The bathtub felt amazing, it took so much pressure of my hips and back. It was soothing, it was quiet. But my contractions went from a 7, to a nine instantly. But I’ve been here before, I knew what I had to do, and I knew it would be over soon. After just half an hour they checked me, and I was 7cm. Suddenly the long hard labors I was used to, were flying by! But I had the feeling like I needed to push! I knew it was too soon to push, but my body was getting ready to have the baby so fast, I tried with all I had NOT to push. There was talk in between contractions of how the hospital was going to get rid of the midwives, and that I was the 11th person in 10 months to deliver in the tub. I was shocked. How has America become SO lazy that they get to the hospital, ask for a giant needle and sleep through labor laying in a bed, or ask for their baby to be c-section simply because they don’t want to deal with the pain. The pain in a natural part of life! A few Drs had never seen a water birth, and I approved for them to be in the room. If I could spread how simple this is, how much better it is, maybe other Drs would start doing it, and more women would have the beautiful experience I did.

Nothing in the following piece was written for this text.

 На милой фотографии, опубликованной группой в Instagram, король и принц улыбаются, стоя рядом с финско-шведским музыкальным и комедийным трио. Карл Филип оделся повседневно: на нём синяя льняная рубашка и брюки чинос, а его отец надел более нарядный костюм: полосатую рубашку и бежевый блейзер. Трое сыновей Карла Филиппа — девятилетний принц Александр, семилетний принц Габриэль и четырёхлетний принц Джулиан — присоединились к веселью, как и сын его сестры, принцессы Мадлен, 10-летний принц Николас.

At 11am, about 10 hours after my water broke, I couldn’t resist the need to push. My midwife checked me, and I got terrible news. A lip of skin was stuck over the babys face. This is not the first time that I’ve had this news. While in labor with Collin, this happened, and I pushed for 4 hours to get the lip over him. I almost lost it. But my midwife re-assured me, and told me that during my next contraction she was going to try to remove the lip. I crossed my fingers and suffered through another contraction, and I could feel the same terrible pain I felt with Collin, and then relief. She had been able to move the lip, and now, I could push.

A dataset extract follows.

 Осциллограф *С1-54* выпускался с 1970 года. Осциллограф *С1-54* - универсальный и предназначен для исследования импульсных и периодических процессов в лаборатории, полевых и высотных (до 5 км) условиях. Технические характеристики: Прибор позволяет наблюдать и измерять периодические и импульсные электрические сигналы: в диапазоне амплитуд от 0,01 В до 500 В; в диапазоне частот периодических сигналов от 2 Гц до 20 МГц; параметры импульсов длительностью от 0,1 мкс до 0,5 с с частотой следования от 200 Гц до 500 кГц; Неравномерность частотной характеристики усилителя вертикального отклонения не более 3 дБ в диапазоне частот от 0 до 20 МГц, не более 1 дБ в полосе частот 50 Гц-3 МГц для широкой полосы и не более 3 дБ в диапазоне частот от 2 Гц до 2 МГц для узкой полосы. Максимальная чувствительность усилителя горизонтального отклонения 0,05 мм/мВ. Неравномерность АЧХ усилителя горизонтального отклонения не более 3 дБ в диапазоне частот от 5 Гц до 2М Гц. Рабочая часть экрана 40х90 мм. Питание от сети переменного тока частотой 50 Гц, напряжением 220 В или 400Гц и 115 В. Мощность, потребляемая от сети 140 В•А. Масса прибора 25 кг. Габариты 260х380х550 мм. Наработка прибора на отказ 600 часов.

Ten minutes. I pushed in the big bathtub for just 10 minutes. No pushing on my belly, no one holding my legs, no one pulling my sons head. I did it. I finally got the birth I’ve been dreaming of. Where my body did it, no medication, just me.
Alexander Michelangelo Kimball was born at 11;35AM on October 17th 2011. He was 8lbs 11oz and 22inches long. He was placed directly on his mothers chest where he sat for 5 minutes before his father cut his umbilical cord. He was never taken from me without my permission, he wasn’t given certain unnecessary medications, he roomed in, and he was released early.
Lex is three now! He has a huge personality. He’s bossy and sassy. He’s a “boy’s boy”. He likes to fight, and play sports and run (because he’s the flash)! He loves Dinos and the ninja turtles. He is tough as nails and with a name like his, why wouldn’t he be? He’s his sisters twin, and a daddies boy. And I love him.